== Segment start ==

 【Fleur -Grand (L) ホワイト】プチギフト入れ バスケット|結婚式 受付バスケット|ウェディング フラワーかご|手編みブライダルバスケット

== Segment end ==
== Segment start ==

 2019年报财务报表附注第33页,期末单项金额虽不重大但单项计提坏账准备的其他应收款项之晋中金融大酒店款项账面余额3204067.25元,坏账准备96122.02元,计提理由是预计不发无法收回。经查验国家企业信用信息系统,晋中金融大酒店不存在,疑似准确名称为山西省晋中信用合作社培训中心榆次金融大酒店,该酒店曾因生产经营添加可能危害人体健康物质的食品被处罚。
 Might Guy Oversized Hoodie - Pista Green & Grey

== Segment end ==
== Segment start ==

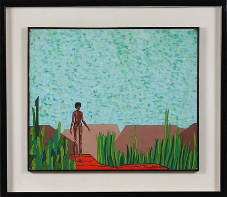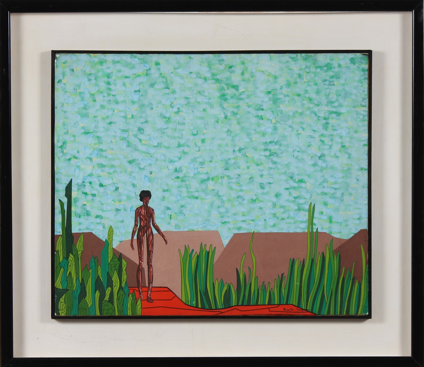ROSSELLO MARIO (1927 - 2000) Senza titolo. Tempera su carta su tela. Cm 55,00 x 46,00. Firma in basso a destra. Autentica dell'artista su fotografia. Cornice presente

== Segment end ==

Work order
Whatever else the listing above holds, retype exactly only the lines from the one containing "2019年报财务报表附注第3" to the one containing "Might Guy Oversized", both ends kept.

Solution
 2019年报财务报表附注第33页,期末单项金额虽不重大但单项计提坏账准备的其他应收款项之晋中金融大酒店款项账面余额3204067.25元,坏账准备96122.02元,计提理由是预计不发无法收回。经查验国家企业信用信息系统,晋中金融大酒店不存在,疑似准确名称为山西省晋中信用合作社培训中心榆次金融大酒店,该酒店曾因生产经营添加可能危害人体健康物质的食品被处罚。
 Might Guy Oversized Hoodie - Pista Green & Grey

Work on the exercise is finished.